What is being asked
Give back exactly the lines starting at the one with "フラットなスクリーンで目隠し" and ending at the last line of the data below. Pictures are not part of the copy.

[Stored data]
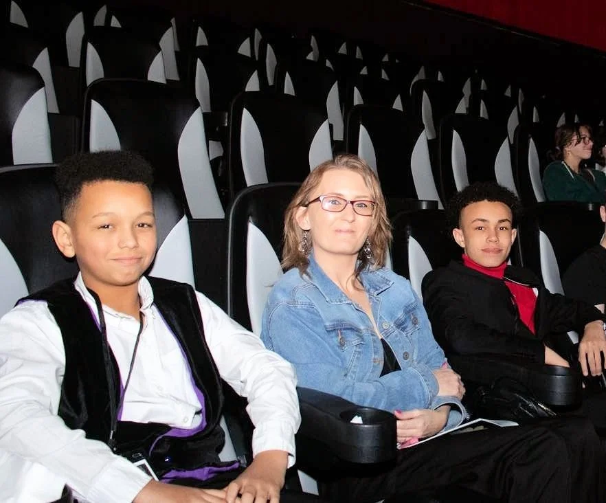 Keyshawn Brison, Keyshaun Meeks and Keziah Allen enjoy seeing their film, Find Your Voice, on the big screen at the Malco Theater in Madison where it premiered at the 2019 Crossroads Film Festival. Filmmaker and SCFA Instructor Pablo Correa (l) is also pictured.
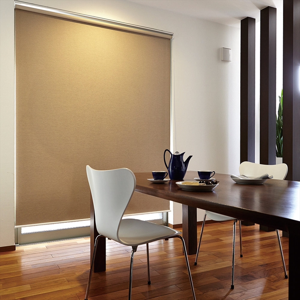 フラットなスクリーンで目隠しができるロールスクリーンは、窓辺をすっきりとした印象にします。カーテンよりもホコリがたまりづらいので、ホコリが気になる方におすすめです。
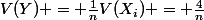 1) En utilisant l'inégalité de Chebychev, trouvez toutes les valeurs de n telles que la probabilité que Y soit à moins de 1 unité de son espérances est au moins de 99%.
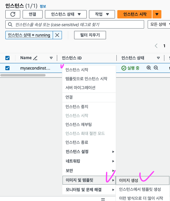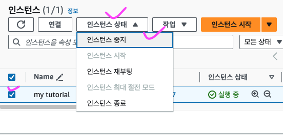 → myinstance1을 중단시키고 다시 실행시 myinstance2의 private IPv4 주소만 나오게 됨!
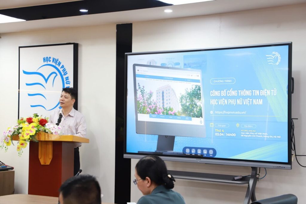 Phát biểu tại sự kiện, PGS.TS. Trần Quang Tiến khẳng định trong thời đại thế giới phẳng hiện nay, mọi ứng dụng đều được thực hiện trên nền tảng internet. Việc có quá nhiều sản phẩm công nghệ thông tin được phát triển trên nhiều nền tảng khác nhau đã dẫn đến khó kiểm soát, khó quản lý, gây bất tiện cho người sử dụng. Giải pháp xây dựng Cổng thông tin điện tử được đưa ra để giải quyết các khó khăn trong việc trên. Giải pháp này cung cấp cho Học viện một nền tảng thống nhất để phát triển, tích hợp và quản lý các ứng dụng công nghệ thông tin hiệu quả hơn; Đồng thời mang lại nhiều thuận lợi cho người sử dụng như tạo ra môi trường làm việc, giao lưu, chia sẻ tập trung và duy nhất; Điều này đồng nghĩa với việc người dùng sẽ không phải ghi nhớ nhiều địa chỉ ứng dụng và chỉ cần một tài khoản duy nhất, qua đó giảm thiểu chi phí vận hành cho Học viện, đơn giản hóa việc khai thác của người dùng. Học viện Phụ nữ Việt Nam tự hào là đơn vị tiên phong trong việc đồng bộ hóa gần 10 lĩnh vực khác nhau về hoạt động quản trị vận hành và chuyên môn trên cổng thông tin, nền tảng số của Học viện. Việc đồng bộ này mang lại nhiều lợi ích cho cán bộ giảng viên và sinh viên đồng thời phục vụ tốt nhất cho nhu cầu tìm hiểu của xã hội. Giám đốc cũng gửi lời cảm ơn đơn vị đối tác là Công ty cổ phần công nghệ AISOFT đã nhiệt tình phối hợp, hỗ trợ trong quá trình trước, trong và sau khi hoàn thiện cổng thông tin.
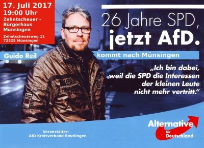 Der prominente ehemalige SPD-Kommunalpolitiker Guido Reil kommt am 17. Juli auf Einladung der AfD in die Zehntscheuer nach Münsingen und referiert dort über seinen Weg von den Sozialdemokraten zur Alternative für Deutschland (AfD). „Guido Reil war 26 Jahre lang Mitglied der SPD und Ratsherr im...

Answer space
 フラットなスクリーンで目隠しができるロールスクリーンは、窓辺をすっきりとした印象にします。カーテンよりもホコリがたまりづらいので、ホコリが気になる方におすすめです。
 1) En utilisant l'inégalité de Chebychev, trouvez toutes les valeurs de n telles que la probabilité que Y soit à moins de 1 unité de son espérances est au moins de 99%.
 → myinstance1을 중단시키고 다시 실행시 myinstance2의 private IPv4 주소만 나오게 됨!
 Phát biểu tại sự kiện, PGS.TS. Trần Quang Tiến khẳng định trong thời đại thế giới phẳng hiện nay, mọi ứng dụng đều được thực hiện trên nền tảng internet. Việc có quá nhiều sản phẩm công nghệ thông tin được phát triển trên nhiều nền tảng khác nhau đã dẫn đến khó kiểm soát, khó quản lý, gây bất tiện cho người sử dụng. Giải pháp xây dựng Cổng thông tin điện tử được đưa ra để giải quyết các khó khăn trong việc trên. Giải pháp này cung cấp cho Học viện một nền tảng thống nhất để phát triển, tích hợp và quản lý các ứng dụng công nghệ thông tin hiệu quả hơn; Đồng thời mang lại nhiều thuận lợi cho người sử dụng như tạo ra môi trường làm việc, giao lưu, chia sẻ tập trung và duy nhất; Điều này đồng nghĩa với việc người dùng sẽ không phải ghi nhớ nhiều địa chỉ ứng dụng và chỉ cần một tài khoản duy nhất, qua đó giảm thiểu chi phí vận hành cho Học viện, đơn giản hóa việc khai thác của người dùng. Học viện Phụ nữ Việt Nam tự hào là đơn vị tiên phong trong việc đồng bộ hóa gần 10 lĩnh vực khác nhau về hoạt động quản trị vận hành và chuyên môn trên cổng thông tin, nền tảng số của Học viện. Việc đồng bộ này mang lại nhiều lợi ích cho cán bộ giảng viên và sinh viên đồng thời phục vụ tốt nhất cho nhu cầu tìm hiểu của xã hội. Giám đốc cũng gửi lời cảm ơn đơn vị đối tác là Công ty cổ phần công nghệ AISOFT đã nhiệt tình phối hợp, hỗ trợ trong quá trình trước, trong và sau khi hoàn thiện cổng thông tin.
 Der prominente ehemalige SPD-Kommunalpolitiker Guido Reil kommt am 17. Juli auf Einladung der AfD in die Zehntscheuer nach Münsingen und referiert dort über seinen Weg von den Sozialdemokraten zur Alternative für Deutschland (AfD). „Guido Reil war 26 Jahre lang Mitglied der SPD und Ratsherr im...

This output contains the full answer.